Prior to the arrival of tourism industry in Turkey, Bodrum was a quiet small town and an important centre for sponge-diving. Nowadays it is difficult to find any sponge - natural or artifical - in the shops because it is far more lucrative to sell counterfeit Gucci and Prada handbags instead. The centre of sponge-diving activity has since shifted to the neighbouring Greek island of Kalymnos, just 40 minutes away by hydrofoil from Bodrum.

In spite of this shift of focus, the Marina in Bodrum is still home to hundreds of expensive yachts and gulets. In the summer, it is nice to travel on one of the yachts or gulets and set sail amid the cooling breeze of the Aegean. Temperature on the sea feels much cooler than while on land.

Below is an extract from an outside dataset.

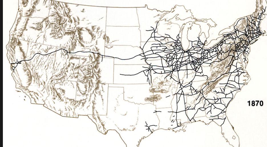 1870년대 당시 미국의 철도 건설 현황
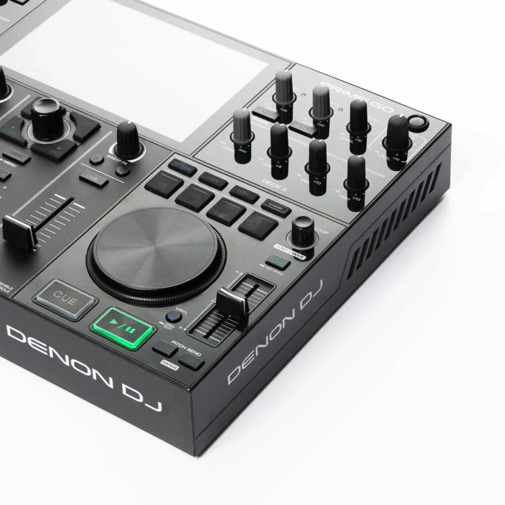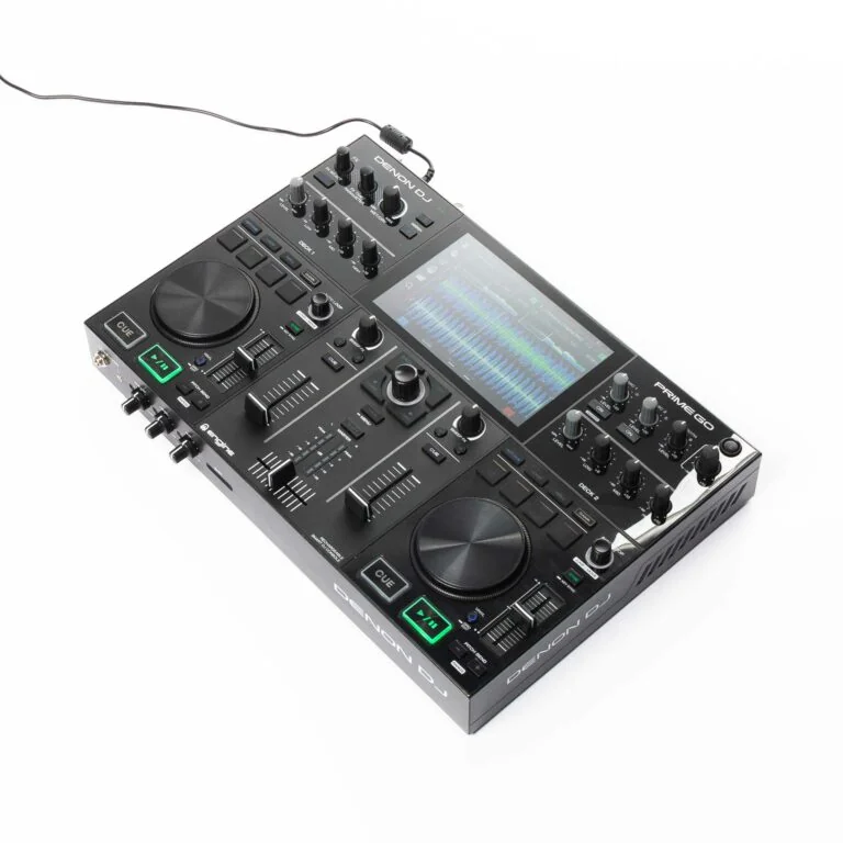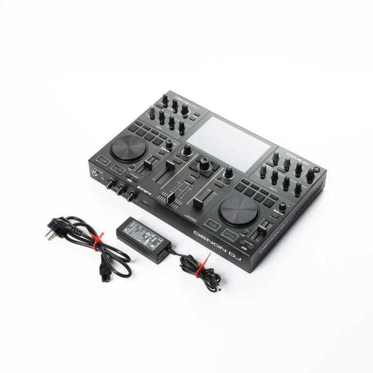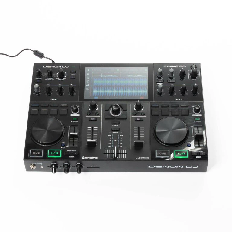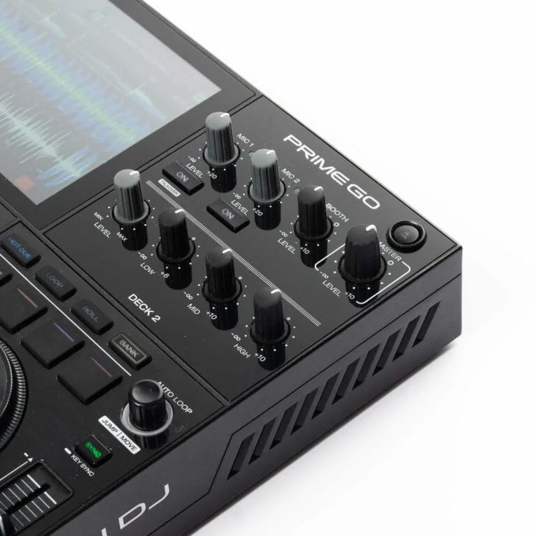 Der Denon DJ Prime Go ist ein standalone DJ-Controller mit eingebautem Lithium-Ionen-Akku. Der 2-Kanal-Controller hat einen 7-Zoll Touchscreen, welcher mit Multigesten gesteuert werden kann. Somit kannst du z.B. ganz einfach durch deine Bibliothek browsen. Außerdem lässt sich die Wellenform-Ansicht von horizontal bis zu vertikal ändern. Jeder Kanal bringt einen 3-Band-EQ, Beat-Effektmodul, Sweep- und Filter-FX, ein Jogwheel und vier Perfomance Pads. Zusätzlich läuft der Denon DJ Prime Go auf der Engine OS und bringt die Möglichkeit sich mit dem WLAN zu verbinden und Tracks ohne Computer aus dem Internet zu streamen.

Private yachts in the Bodrum Marina Yacht Club. This is the most affluent yacht club in the whole of Turkey. The town of Bodrum could be classified into two different sections: the upper-class, affluent Marina side, and the mundane, touristic side along the infamous Bar Street. The shopping arcade of the Marina is house to several expensive boutiques, and the upmarket dining place 'Marina Yacht Club' is sponsored by the luxury sports car maker, Maserati.

The cafe in the middle of this photo is the 'Seaman's Club', a local cafe run by the Municipalitiy and the Harbour Authorities. It's one of the most popular cafes in Bodrum, because the price is fair for Bodrum standard, and there is a nice view of the harbour. In the afternoon, people will sit outside in the open-air and drink freshly brewed Turkish tea, made from tea leaves harvested from tea plantations on the misty mountain sides of Black Sea towns of Rize. It has become customary for us to have a few glasses of tea (in a pretty tulip-shaped glass) at this cafe in the afternoon.